Heart Healthy Eating Habits

heart healthy

February is the American Heart Association’s National Heart Month, a time to raise awareness of heart disease and prevention. According to the latest statistics, nearly half of all Americans have some form of heart disease, which is also the leading cause of death for men and women.

One of the ways to improve your health and lower your risk of disease is to eat a heart-healthy diet. We know it can be hard to change your eating habits, especially when they’re ingrained in your lifestyle over decades. But our caregivers at Piedmont Home Health are here to help you create new habits by helping plan and prepare healthy meals, and providing encouragement along the way. Here are a few things you can do to help make your diet more heart healthy.

· Make sure you eat from all food groups. Food provides the nutrients your body needs to have energy and stay healthy, and a well-rounded diet helps ensure you’re getting the variety of nutrients you need. Follow the My Plate guidelines for portion control and choose foods from each group to make up your meals: Low-fat dairy Lean meat Fruits and vegetables Whole grains Healthy fats

· Switch from refined to whole grains. Whole grains made the list of a complete diet above, and for a good reason. The fiber in whole grains helps lower cholesterol. Making the switch from white/refined breads and pastas to whole grain options, and switch from brown rice to white will have a positive effect on your health.

· Cut back on foods and beverages with added sugars.

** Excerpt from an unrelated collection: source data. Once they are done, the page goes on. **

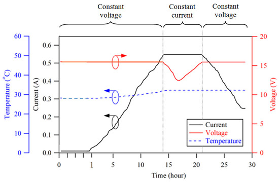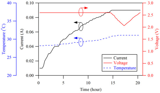 Figure 10 shows the charging response of one of the recovered cells charged at 2.6 V. In the first 14.5 h, the acceptance of charge gradually increased, indicating that the applied voltage level improved the ionization activity in the sulfated cells. Since the cell had no physical defects, the rise in cell temperature was solely caused by the charge transfer during the ionization process [40]. Therefore, the maximum temperature recorded was 31.1 °C.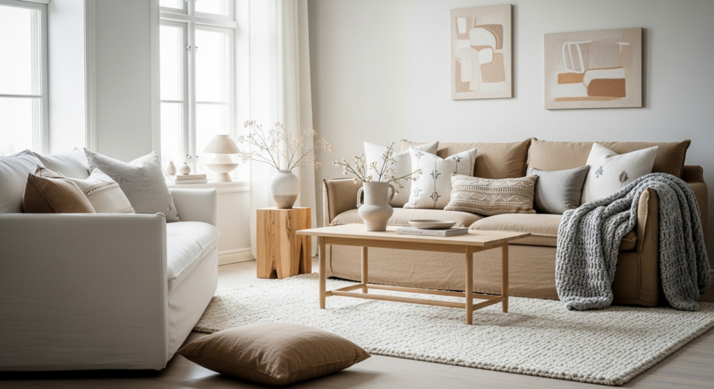 Layer whites, creams, and warm beiges with subtle contrasts. Add depth through textured fabrics like boucle, linen, and wool for a cozy yet polished look.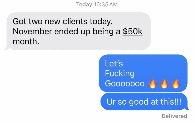 “My life just keeps getting more and more joyful. I can’t even fathom what the fuck is going on because I’m not working harder…I just seem to be making more money…I just got a new client, I’m getting referrals…it’s totally in my field.”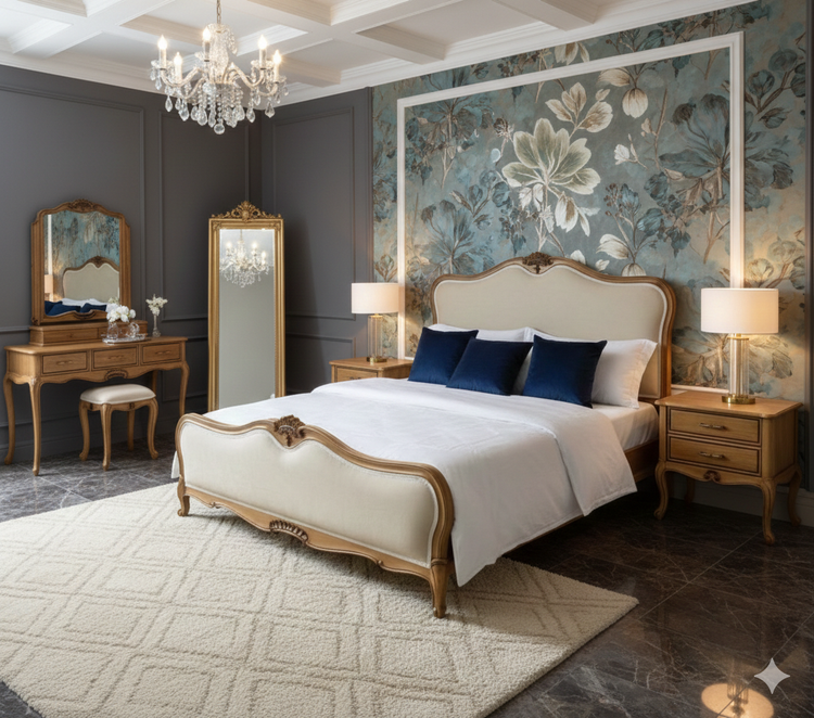 طراحی این مدل با الهام از سبک کلاسیک اروپایی، با خطوط منحنی، منبتهای ظریف و پارچهکوبی شیک، حس گرما و شکوه را همزمان به فضا میدهد.

Refined sugars, or simple carbohydrates, are broken down quickly in the body, which causes a spike in blood sugar. This spike in turn causes the body to release more insulin to process that sugar, and the more insulin your body releases the greater your risk of obesity, which plays a role in heart disease. A recent study found that sugar-laden diets may raise your risk of heart disease even if you aren’t overweight. So think twice before you reach for that sugar-laden soda or doughnut. It might be time to switch to flavored water and a healthy fruit snack such as an orange or a banana instead.

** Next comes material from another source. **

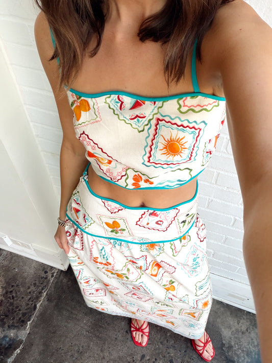 TASHI STAMP PRINT LINEN MIDI SKIRT SET
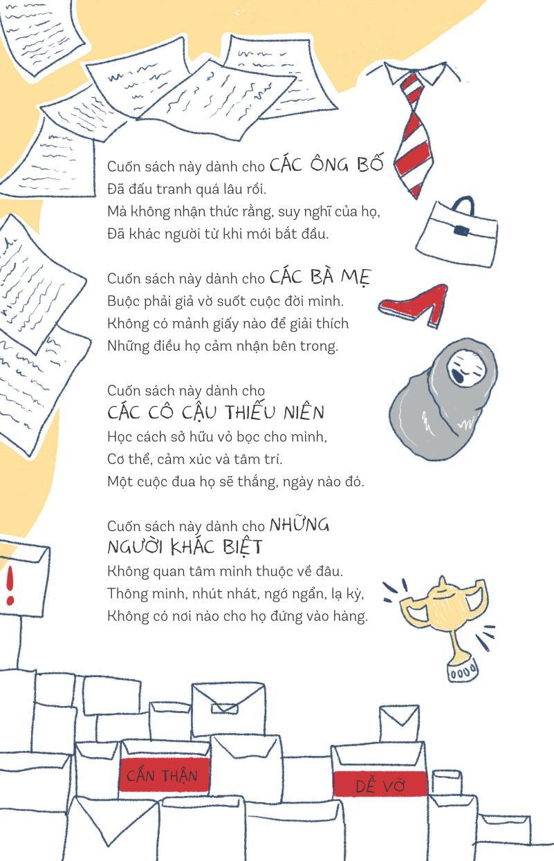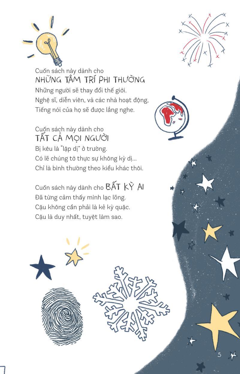 Một cuốn hồi ký có minh họa vui nhộn, truyền tải một cách hấp dẫn thông qua những bước nhảy cóc liên tiếp vui nhộn, những nét vẽ nguệch ngoạc sống động và những ghi chú đầy đủ thông tin. Thể hiện cảm giác khi lớn lên với chứng tự kỷ và không được chẩn đoán như một bài học bổ ích và mang tính giải trí cao -Guardian Tôi THỰC SỰ yêu thích cuốn này. Đây là cuốn sách mà tôi ước mình có khi còn nhỏ (tôi đã biết mình bị tự kỷ ngay lập tức, ngay lập tức khi đọc về những con mèo). Hãy mua nó cho con bạn, cha mẹ bạn, ông bà của bạn. Chủ yếu là mua nó cho chính mình - Holly Smale Cuốn sách này dành cho NHỮNG NGƯỜI KHÁC BIỆT Không quan tâm mình thuộc về đâu. Thông minh, nhút nhát, ngớ ngẩn, lạ kỳ, Không có nơi nào cho họ đứng vào hàng. Xin chào! Tên tớ là Abigail và tớ có TỰ KỶ. Dù vậy, mãi đến khi tớ thành người gần như là người lớn*, tớ mới biết mình mắc chứng tự kỷ. Đây là câu chuyện có thật về hành trình tớ lớn lên cùng những cảm giác khác biệt. Bên trong cuốn sách này, cậu sẽ khám phá đủ các kỷ niệm của tớ, từ gia đình, tình bạn, đến những que kem và toilet. Cậu cũng sẽ tìm thấy một số thông tin rất quan trọng về chứng tự kỷ. Và rất nhiều bức tranh tớ vẽ mèo, vì tớ rất thích mèo. Dù câu chuyện của cậu thế nào, chỉ cần nếu cậu đã từng cảm thấy lạc lõng như thể cậu không thuộc về nơi đâ THÌ CUỐN SÁCH NÀY LÀ DÀNH CHO CẬU. Cuốn sách hấp dẫn, chân thành, thú vị này thực sự sẽ khiến nhiều người cảm động và cảm thấy bớt cô đơn hơn trên thế giới này. Bằng chính trải nghiệm của mình kết hợp với kiến thức nghiêm túc tái hiện bằng hình thức truyện tranh vui nhộn, tác giả đưa bạn vào một cuộc hành trình dài, cuốn sách bao gồm rất nhiều chủ đề! Có rất nhiều yếu tố cho mỗi chương cùng với những hình minh họa bắt mắt, đáng yêu khiến độc giả hoàn toàn bị cuốn hút! Đây là một sự pha trộn đẹp đẽ giữa sự tổn thương, khó khăn, sự thấu hiểu, sự chấp nhận, sự vui nhộn và sự mạnh mẽ khiến người đọc không thể không lắng lòng. Một câu chuyện hoàn toàn có thật về sự độc đáo - được kể theo một định dạng độc đáo tuyệt vời. Mọi người chắc chắn đều có thể học được điều gì đó từ cuốn sách này; phần đã giúp một người đọc bình thường như tôi nhiều nhất là “hiểu và chấp nhận bản thân nhiều hơn một chút”! Đây là một niềm vui thực sự chân thực mà chúng tôi muốn giới thiệu cho tất cả mọi người, trẻ em cuối tiểu học, thanh niên và người trưởng thành, cả những người có tự kỷ lẫn không, cả những người có chút khác biệt với xung quanh. Tác giả: Abigail Balfe (Tác giả lời, Người vẽ tranh minh họa) Abigail là nhà văn, họa sĩ minh họa và nhà sản xuất sáng tạo tại Brighton. Kể chuyện luôn là trọng tâm trong sự nghiệp của Abigail và cô đã dành một thập kỷ dẫn đầu các chiến dịch truyền thông xã hội cho một số khách hàng truyền hình & giải trí lớn nhất trên thế giới. Abigail cũng từng biểu diễn hài kịch độc lập và giành được một số danh hiệu nhỏ nhờ sự hài hước trên sân khấu của mình.

· Reduce your sodium intake. This is a no-brainer, as we’ve known for many years that salt has a direct effect on raising blood pressure. Salt also causes the body to retain water, worsening the fluid build up that happens with heart failure. It’s recommended sodium intake be less than 1,500 mg per day, and no more than 2,300. One way to do this is to steer clear of processed foods which are loaded with sodium, and try to substitute herbs and spices for salt when seasoning your meals.